Console Version: 3.1.1

Release Updates

1. Bugs fixed:

  • Admins could not log into MetaAccess console through Okta

  • The system stopped Webhook setting even the callback API has not responded any error

  • A user couldn't add a protected app with the application type as Other

  • The system did not update MAC address of network adapters when local IP address is enabled on Privacy Settings

Release Date: September 29, 2020

Console Version: 3.1.0

Agent Release Version:

  • Windows persistent agent: 7.6.349.0

  • Windows On-demand agent: 7.3.519.0

  • macOS persistent agent: 10.4.293.0

  • macOS on-demand agent: 10.5.221.0

  • Debian-based Linux persistent agent: 15.4.19.0

  • Readhat-based Linux persistent agent: 15.6.15.0

Release Updates

MetaAccess Cloud

1. The MetaAccess console will be hosted in different domains. The system will auto-redirect you to the new domain when you access the old domain.

Tenant

Old Domain

New Domain

Console

API

Console

API

US Tenant A

metaaccess-a.opswat.com

metaaccess-a.opswat.com

console.metaaccess-a.opswat.com

metaaccess-a.opswat.com

US Tenant B

gears.opswat.com

gears.opswat.com

dapi.opswat.com

console.metaaccess-b.opswat.com

gears.opswat.com

dapi.opswat.com

EU Tenant

gears-eu.opswat.com

gears-eu.opswat.com

console.metaaccess-eu.opswat.com

gears-eu.opswat.com

2. The console is refreshed with a new look and and user experience.

  • The system will walk you through steps to protect your applications

  • Policy management is re-organized to improve navigation and usability

  • The left navigation is re-organized

    • "Device Groups" is moved into "Inventory"

    • "Access Control" is renamed to "Secure Access" and offers more access control options to protect your applications and networks.

    • "Single sign-on" settings for admin log into the console is moved into "User Management"

    • "Event Log" is broken down to "Admin Events", "Device Events", and "Webhook Events"

images/download/attachments/4343999/image2020-9-23_15-59-54.png

3. Software Defined Perimeter (SDP) is now offered on MetaAccess platform to protect your applications and networks.

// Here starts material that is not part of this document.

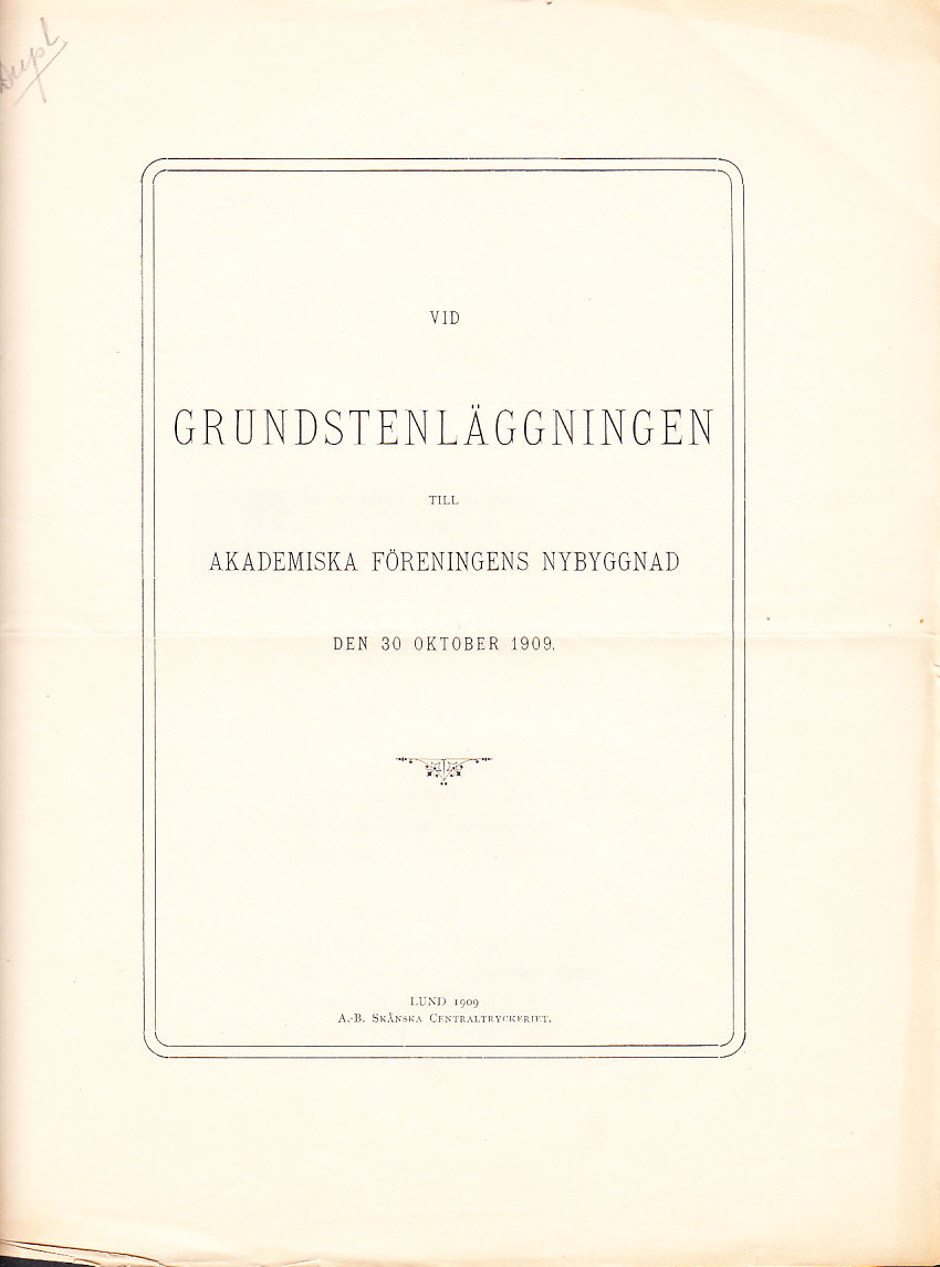 Lund, A.-B. Skånska Centraltryckeriet, 1909. 4:o. (4) s. Vikt ark. Antydan till tvärgående vikmärke, lite tilltuffsad nedre marginal. Enstaka marginalriss förekommer.

The SDP approach to zero trust networking flips the traditional approach of securing access to network resources on its head. Instead of connecting then authorizing, the client is required to first authenticate, authorize, be checked for compliance, and only then is it allowed access. Check out our document for more details. SDP requires and additional license.

  • Administrators can now protect applications and networks in their critical infrastructure via SDP no matter where a user connects from. The users' devices will be checked to make sure they are complied with your organization's security policies.

images/download/attachments/4343999/image2020-9-23_20-50-14.png

  • Administrators can configure access rules to grant/deny access to applications

images/download/attachments/4343999/image2020-9-23_21-16-2.png

  • Administrators can grant users/groups access to applications.

images/download/attachments/4343999/image2020-9-23_21-21-51.png

  • Administrators can control device groups that users can use to access to protected applications and networks

images/download/attachments/4343999/image2020-9-23_22-41-48.png

  • Administrators can integrate with 3rd party single sign-on service for end-users authentication and import groups from IdP to MetaAccess.

images/download/attachments/4343999/image2020-9-24_15-13-30.png

  • Administrators can audit user sessions.

images/download/attachments/4343999/image2020-9-23_20-58-55.png

  • Administrators can also select either Private Gateway or OPSWAT Hosted Gateway to be their applications' gateway

    • Private Gateway: admins need to install SDP gateways in their datacenter or their own cloud infrastructure

    • OPSWAT Hosted Gateway: no need to install any thing, but it requires an additional license.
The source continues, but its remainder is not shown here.